The realization: Semantic search actually filters for relevance. It's not magic. It's a mathematical property of embeddings in high-dimensional space.

From Day 2-3 (lines 611-615):

"Hallucinations: Model fills gaps when context is insufficient. Working memory: Specific, current, reliable context prevents gaps."

Why This Matters

Without RAG (knowledge-only):

  • Claude generates generic answer using training knowledge

With RAG but bad retrieval (broken working memory):

  • Search retrieves wrong functions (error logging, database)
  • Claude hallucinates about tax calculation in database context

With RAG and good retrieval (healthy working memory):

  • Search retrieves correct functions (calculate_tax, apply_discount)
  • Claude provides accurate, contextualized answer

Test 7 validates we're in the third scenario.

Connection to Day 2-3 Learning

From Day 2-3 notes on transformer architecture:

"Transformers use attention to focus on relevant information"

Your RAG system applies the same principle:

  • Embedding space acts like attention mechanism
  • High similarity = high attention weight
  • Low similarity = low attention weight

What Passing vs Failing Means

✅ PASS: Relevant scores >> Irrelevant scores, top-k are all relevant

  • Confirms: Semantic search relieves claude of hallucination risk
  • Decision: Top-k retrieval strategy is safe and effective
  • Implication: RAG pattern works end-to-end

❌ FAIL: Relevant and irrelevant chunks score similarly (gap < 0.2)

  • Means: Embeddings not distinguishing relevance well
  • Problem: Top-k might include irrelevant code
  • Investigation: Is embedding model trained for code? Are chunks sized correctly?

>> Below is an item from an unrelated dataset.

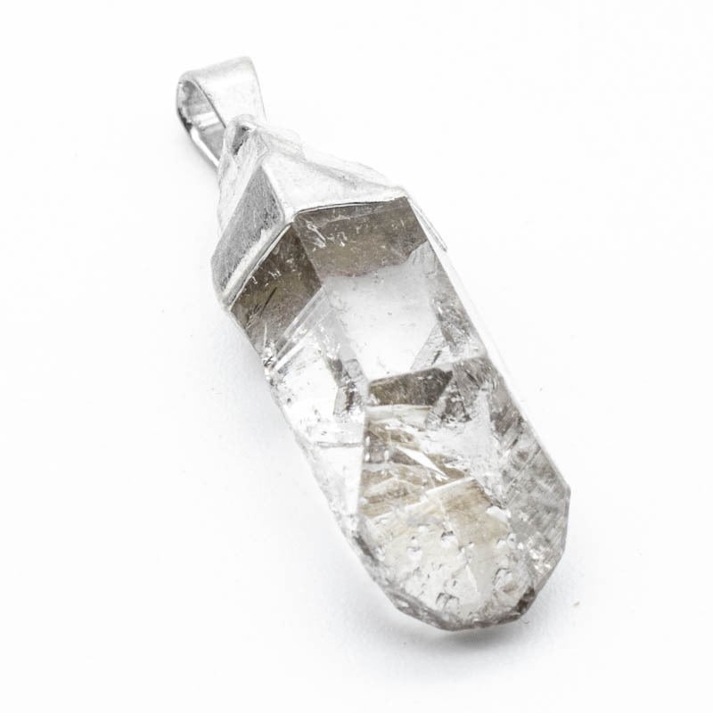 Este colgante de cuarzo blanco en punta bruta conserva su forma natural, resaltando la belleza auténtica del mineral. Su superficie irregular y textura única lo convierten en una pieza especial, perfecta para quienes buscan conectar con la esencia pura de los cristales.

Deeper Learning: Empirical Top-k Determination

Test 7 validates the principle (retrieval works). But it doesn't answer:

How many chunks do you actually need?

The answer varies:

  • Simple queries: 1-2 chunks sufficient
  • Complex queries: 5-10 chunks
  • Edge cases: 20+ chunks

This is why config.yaml has top_k as a tuning parameter.


How Tests 1-7 Connect

Test Validates Critical For
Test 1 Embeddings are deterministic Caching strategy
Test 2 Semantic clustering across languages Multi-language support
Test 3 1536 dims > 384 dims Dimension choice
Test 4 Cosine > Euclidean distance Distance metric
Test 5 Language paradigm clustering Metadata filtering
Test 6 Function-level chunks > fixed-size Chunking strategy
Test 7 Good retrieval prevents hallucinations RAG pattern validation

The Progression:

  • Tests 1-3: Embeddings fundamentals
  • Tests 4-5: Distance metrics and semantic relationships
  • Test 6: Chunking strategy
  • Test 7: Complete RAG system validation

Key Takeaways for RAG-Code-QA Implementation

From Test 1: Caching is Safe

  • Embeddings are stable
  • Unchanged code doesn't need re-embedding
  • Safe to cache indefinitely

From Test 2: Multi-Language Works

  • Semantic meaning transcends syntax
  • Python, JavaScript, TypeScript can share same index
  • User can search across languages

From Test 3: 1536 Dimensions is Optimal

  • 7% better accuracy than 384 dims
  • Worth the storage/computation cost

From Test 4: Cosine is Correct

  • Handles magnitude variation
  • ChromaDB default choice is right

From Test 5: Language Paradigms Matter

  • Embeddings learn conventions
  • Metadata filtering is optional but valuable

From Test 6: Chunking is Critical

  • Semantic units (functions) > arbitrary splits
  • Highest-impact design decision

From Test 7: RAG Works

  • Good retrieval = complete working memory = accurate answers
  • Eliminates hallucinations when done well

These learning notes map each test to specific theory from Days 1-3. Understanding what each test teaches you prepares you for implementation with the right architecture decisions.